Summary of the lecture example:
- P(A):  probability you have cancer prior to getting tested (called the 'belief')
- P(B):  probability you test positive  (called the 'evidence')
- P(A|B):  probability you have cancer given the test is positive

- Bayes Theorem:
$$P(A|B)=\frac{P(B|A)\cdot P(A)}{P(B)}$$

<br>

**def bayes_theorem(p_a, p_b_given_a):**
- Inputs:
  - *p_a* = probability of event 'a', e.g., you have cancer prior to getting tested
  - *p_b_given_a* = probability of event 'b' given event 'a' has occurred, e.g. the probability that you test positive given you have cancer.
- return *p_a_given_b* = probability of event 'a' given event 'b', e.g. the probability that you have cancer given you test positive, *p_b* (for test purposes).

<br>

Follow the steps as outlined in the following code cell to implement the functions.  Make sure your code passes the embedded doctests.


In [None]:
#In-class assignment in Bayes lecture
#If you test positive how probable is it that you have cancer?
import numpy as np


#Calculate P(A|B) given P(A), P(B|A)
#    Hint:  calculate false_positives, true_positives, and P(B)
#           then can use Bayes theorem to calculate P(A|B)

def bayes_theorem(p_a, p_b_given_a):
  #YOUR CODE HERE
  p_b = p_b_given_a * p_a + (1 - p_a) * (1 - p_b_given_a)

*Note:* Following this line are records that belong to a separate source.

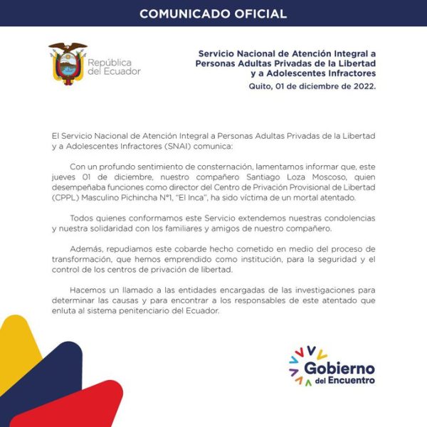 El Servicio Nacional de Atención Integral a Personas Adultas Privadas de la Libertad (SNAI) emitió un comunicado lamentando lo ocurrido con el director de dicho centro de privación de libertad. “Hacemos un llamado a las entidades encargadas de las investigaciones para determinar las causas y para encontrar a los responsables de este atentado que enluta al sistema penitenciario del Ecuador”, manifiesta el documento.
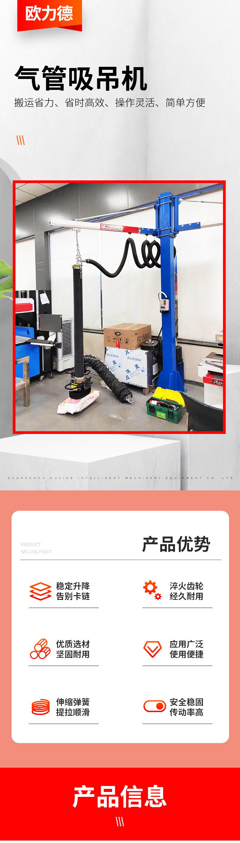 歡迎訪問廣州歐力德智能機械設備有限公司網站,本公司專注:物料搬運設備,真空吸吊機、真空吸盤、助力機械手真空設備結合,減輕搬運勞動力!
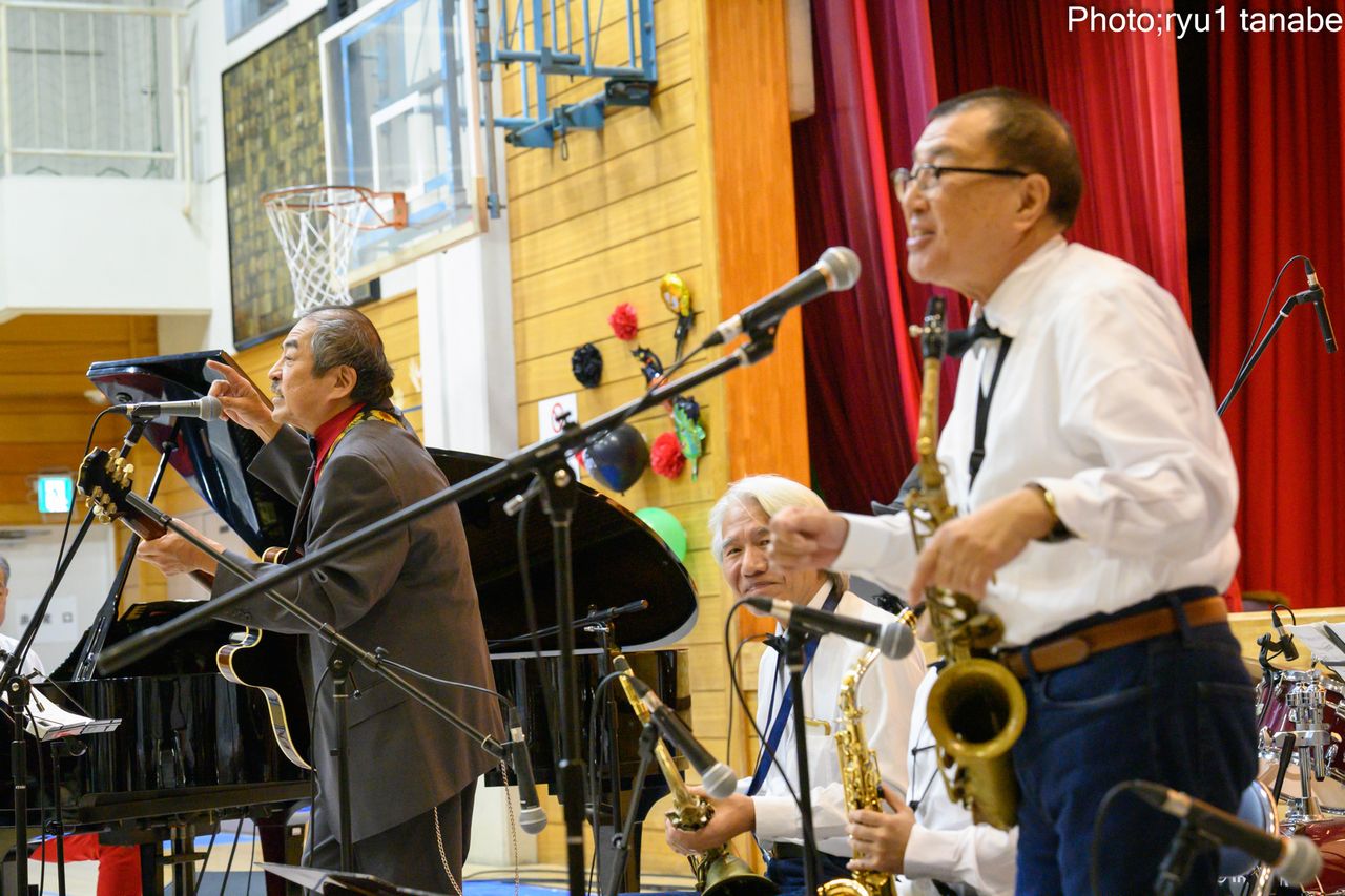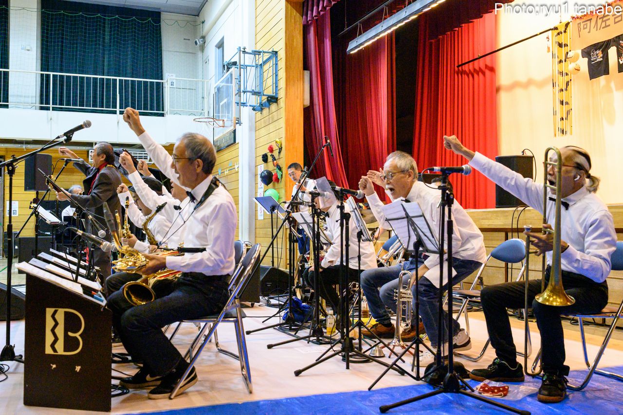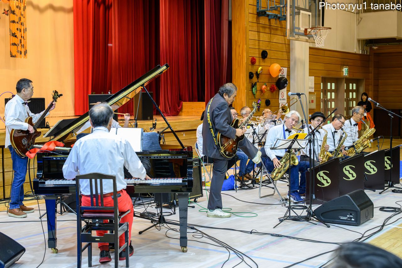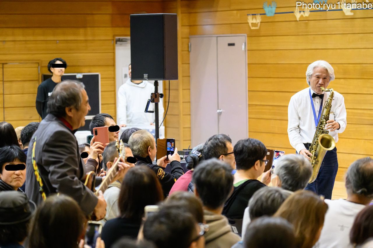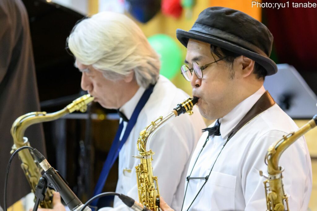 キャブ・キャロウェイの「スカンク・ソング」という曲の日本語訳を綺麗にハモって唄う彼らにはいつも嫉妬を覚えており、この日も誰かの椅子の上に画鋲を置きたくなりました。休憩の後の第二ステージはテナーの浦ニィがワイヤレスで登場、ビッグ・J・マクニーリィの「ディーコンズ・ホップ」で場内暴れ吹きを披露しました。
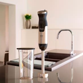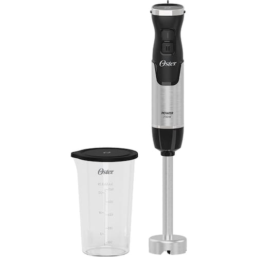 Mixer Oster Power Black Inox com 750W de potência, velocidades ajustáveis, função turbo e 4 lâminas em inox. Inclui copo de 750ml com tampa.Acompanha copo

  p_a_given_b = (p_b_given_a * p_a) / p_b

  return p_b, p_a_given_b




#-------------------------------------------------------------------------------------------------
#Test with the following doctest test vectors.
#DO NOT EDIT THE TEST CODE!!!!

#Scenario and definitions
#   P(A):  probability that event (e.g. cancer) occurs in % of population (belief)
#   P(B):  probability test is positive (evidence)
#   P(B|A):  probability test is positive if event occurs, i.e. reliability of test
#            when multiply by P(A) then get the rate of true positives
#   P(B|not A): probability test is positive if event does not occur
#            when multiply by P(not A) then get the rate of false positives

#Case 1.  Cancer occurs in 1% of the people your age and the test is 99% reliable
#Case 2.  Cancer occurs in 3% of the people your age and the test is 90% reliable

def bayes_runner(p_a, p_b_given_a, iterations):
  pagb_list = []
  pb_list = []
  for i in range(iterations):
    p_b, p_a_given_b = bayes_theorem(p_a, p_b_given_a)
    p_a = p_a_given_b
    pagb_list.append(p_a_given_b)
    pb_list.append(p_b)
  return pb_list, pagb_list

#Case 1.  Cancer occurs in 1% of the people your age and the test is 99% reliable
pb_1, pagb_1 = bayes_runner(0.01, 0.99, 3)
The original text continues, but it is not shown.